▶ COLLECTED DATA:

- - - - -

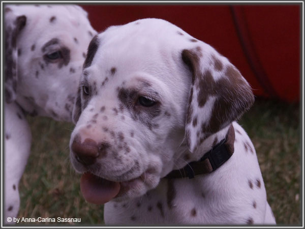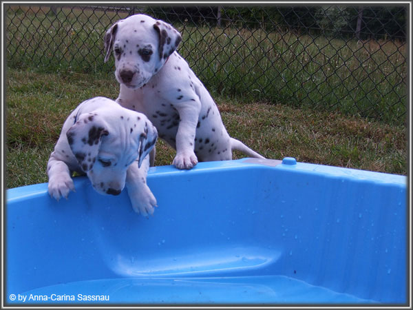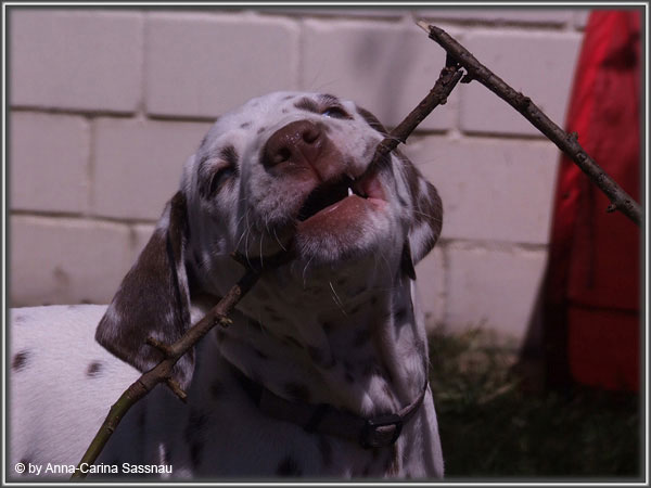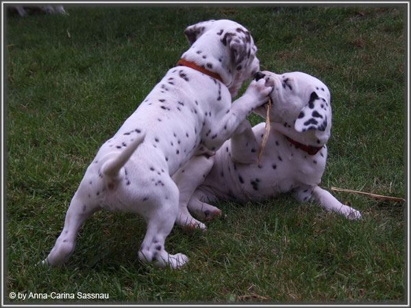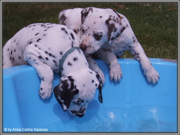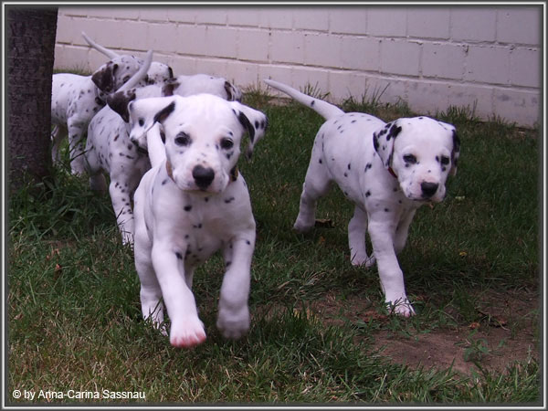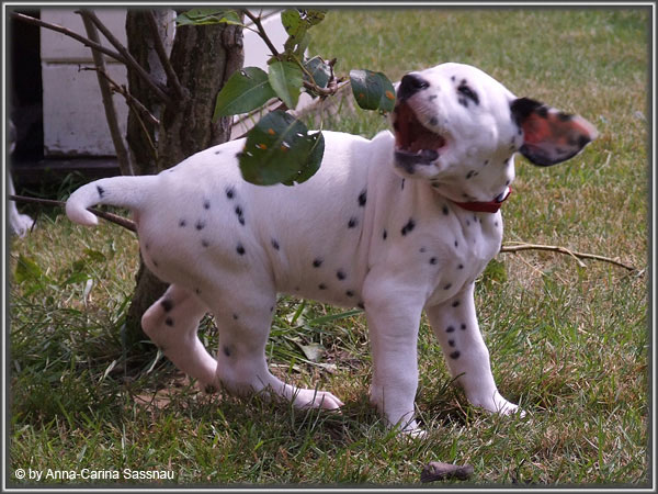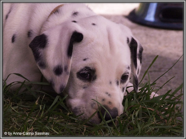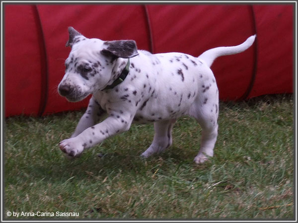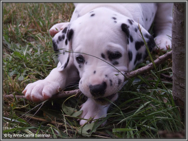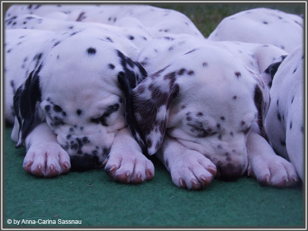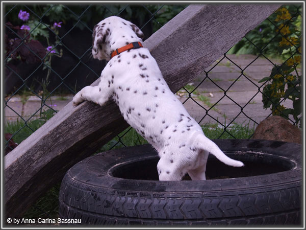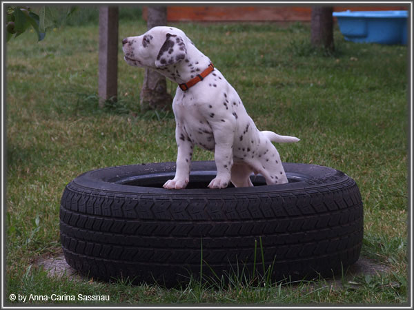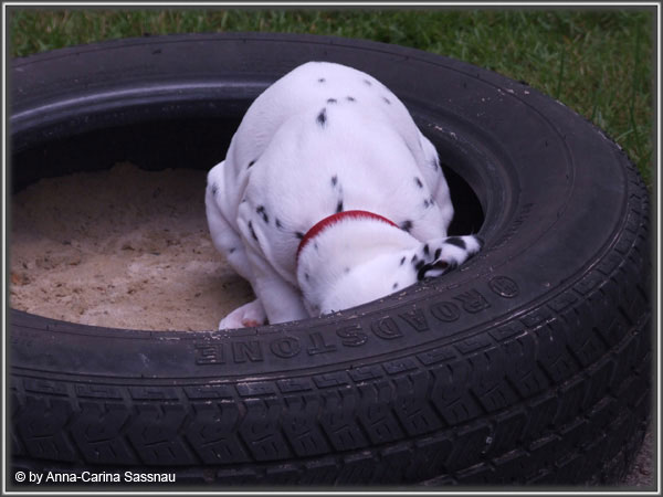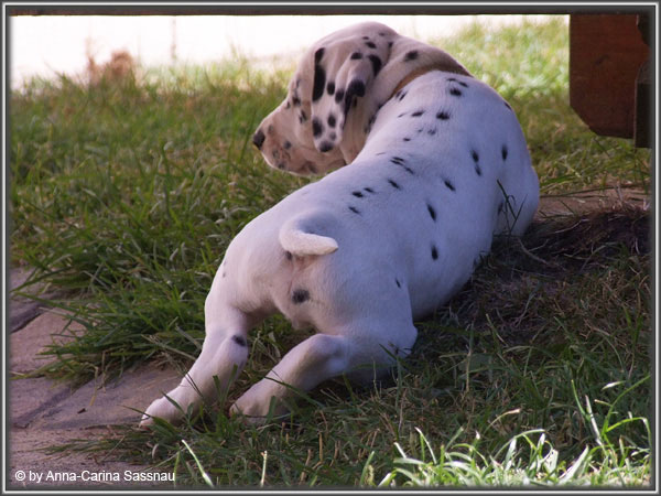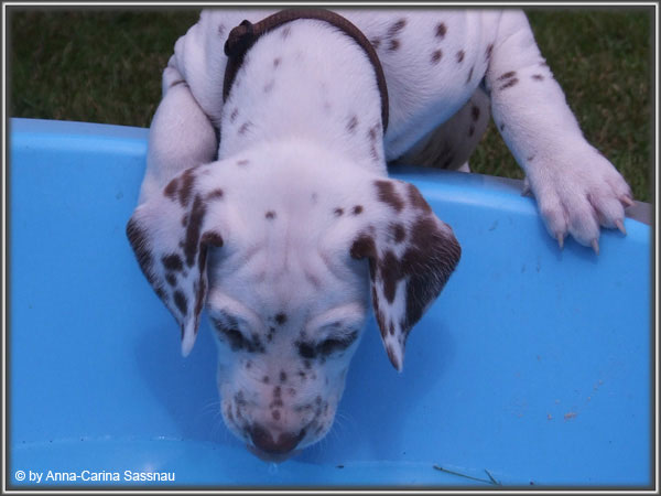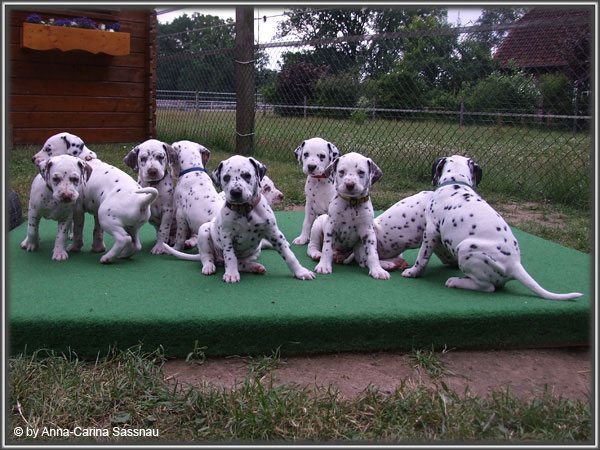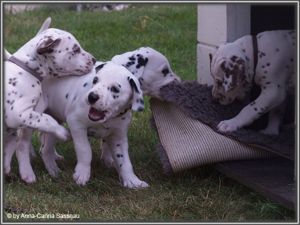 Diese Woche gab es für unsere Welpen keine "Rücksicht" mehr. Es wurde ohne Ende gespielt und das Schlafen wird nun auch gerne mal nach draußen verlegt. Das Welpenfutter wird mittlerweile lieber trocken als eingeweicht gefressen. Einige haben ihre Umwelt mit vollen Körpereinsatz erkundet. Wir waren sehr erfreut, dass unser Welpenhaus gestern morgen so sauber war, wie am Abend zuvor. Alle Welpen haben die ganze Nacht brav durchgehalten ;-). Einige Welpen suchen auch noch ihre Familie für's Leben. Wenn Sie also Interesse an einem unserer Welpen haben, können Sie uns gerne kontaktieren. Wir wünschen euch viel Spaß bei den Bildern ...
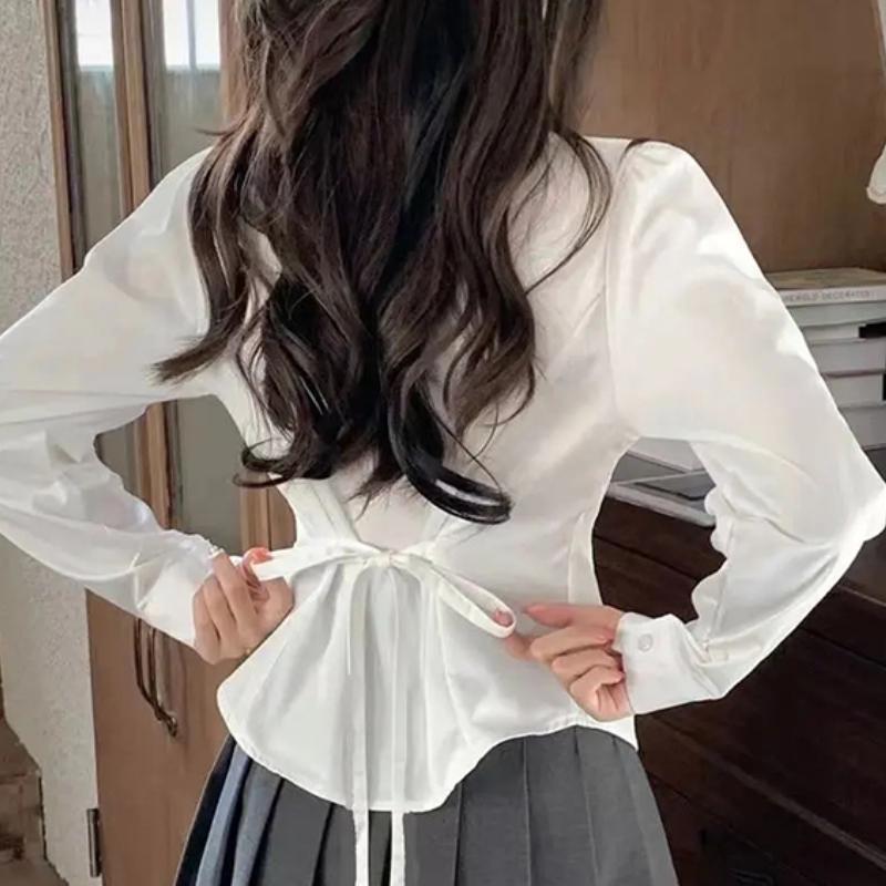 Милая рубашка в японском стиле для женщин, новая, с длинным рукавом, симпатичный дизайн, туника на шнуровке, блузка, осенняя мода, тонкая одежда на пуговицах
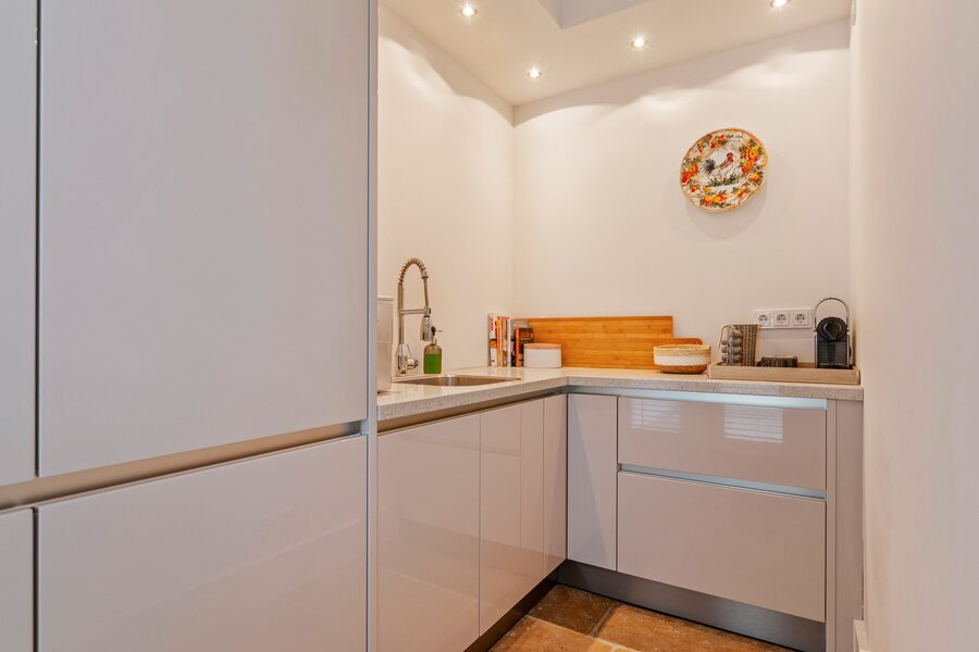 Achter de schuifdeur in de keuken bevindt zich een praktische bijkeuken in dezelfde stijl, met extra spoelbak, koelkast, vriezer en volop inbouwkasten. Een ideale plek voor voorraad, servies of een mooie wijncollectie.
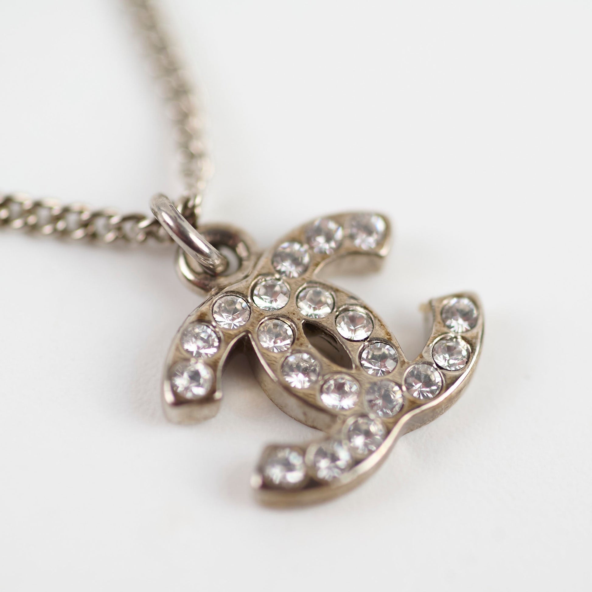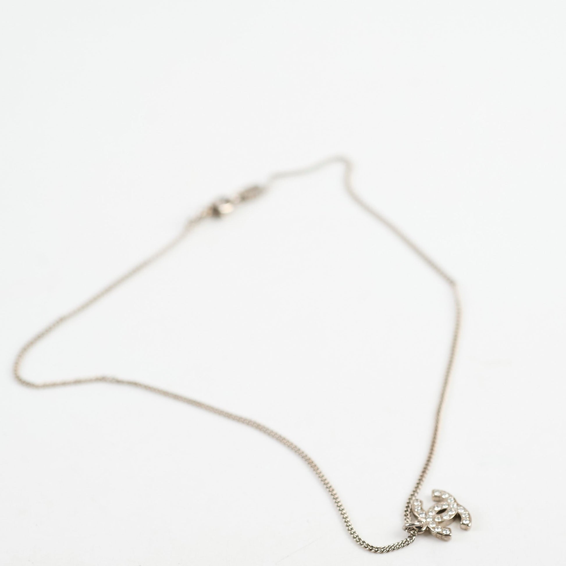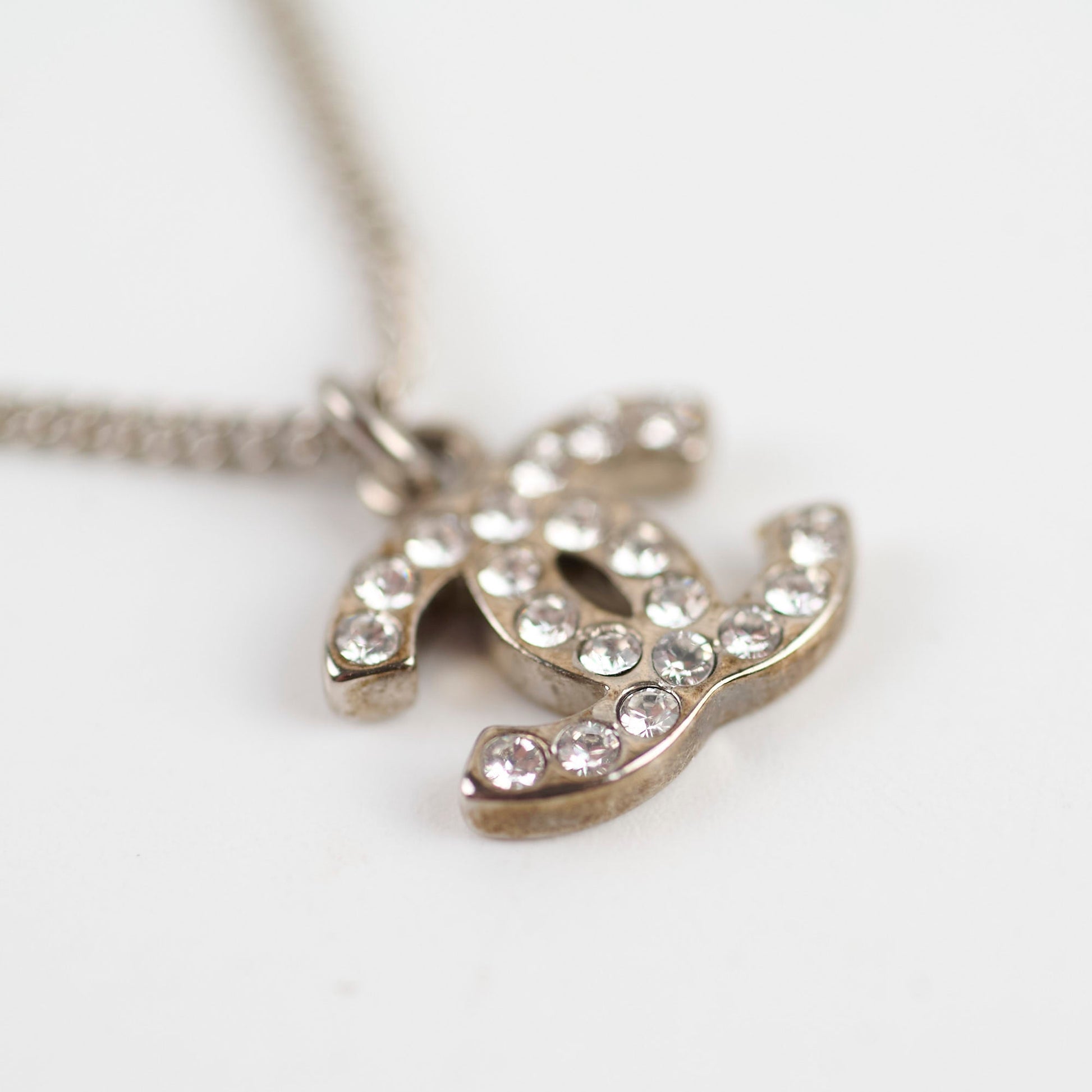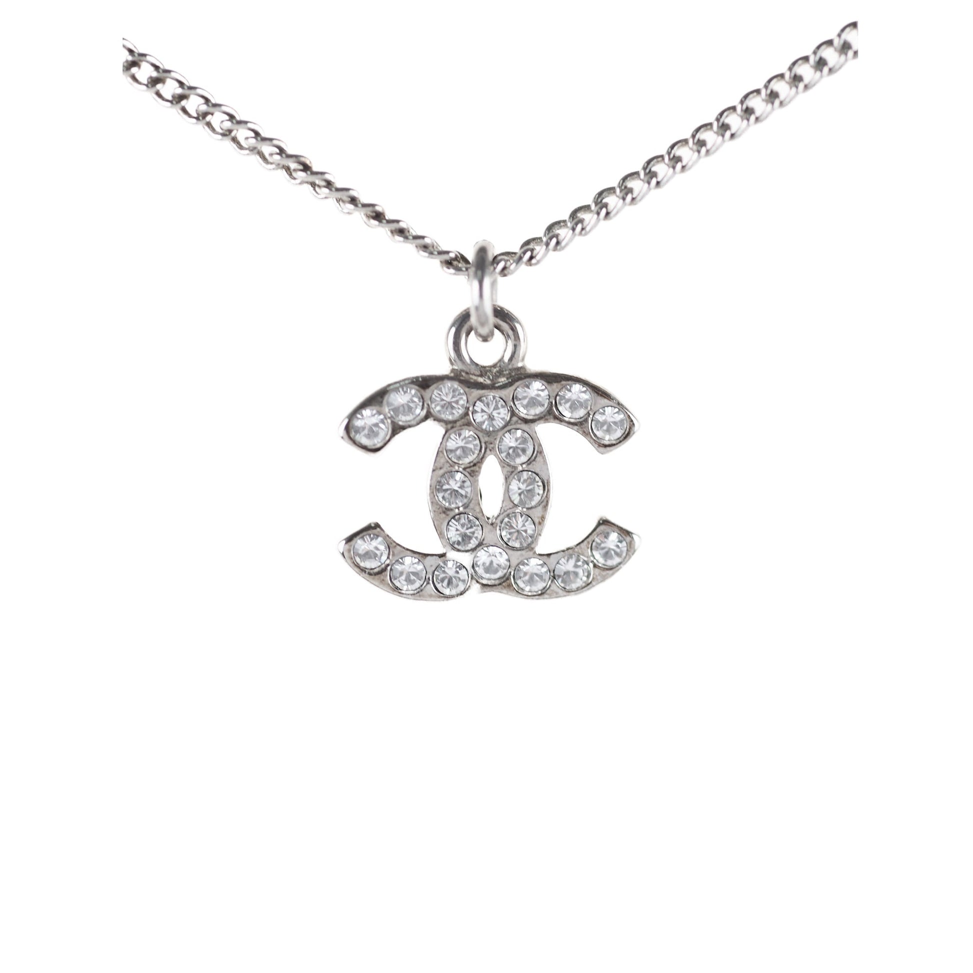 Chanel CC Logo Rhinestone Silver Necklace Costume Jewellery

- - - - -

▶ GOAL OF THE EXERCISE: Without the pictures, write out the listing exactly as it appears above.

▶ RESULT OF THIS EXERCISE:
 Diese Woche gab es für unsere Welpen keine "Rücksicht" mehr. Es wurde ohne Ende gespielt und das Schlafen wird nun auch gerne mal nach draußen verlegt. Das Welpenfutter wird mittlerweile lieber trocken als eingeweicht gefressen. Einige haben ihre Umwelt mit vollen Körpereinsatz erkundet. Wir waren sehr erfreut, dass unser Welpenhaus gestern morgen so sauber war, wie am Abend zuvor. Alle Welpen haben die ganze Nacht brav durchgehalten ;-). Einige Welpen suchen auch noch ihre Familie für's Leben. Wenn Sie also Interesse an einem unserer Welpen haben, können Sie uns gerne kontaktieren. Wir wünschen euch viel Spaß bei den Bildern ...
 Милая рубашка в японском стиле для женщин, новая, с длинным рукавом, симпатичный дизайн, туника на шнуровке, блузка, осенняя мода, тонкая одежда на пуговицах
 Achter de schuifdeur in de keuken bevindt zich een praktische bijkeuken in dezelfde stijl, met extra spoelbak, koelkast, vriezer en volop inbouwkasten. Een ideale plek voor voorraad, servies of een mooie wijncollectie.
 Chanel CC Logo Rhinestone Silver Necklace Costume Jewellery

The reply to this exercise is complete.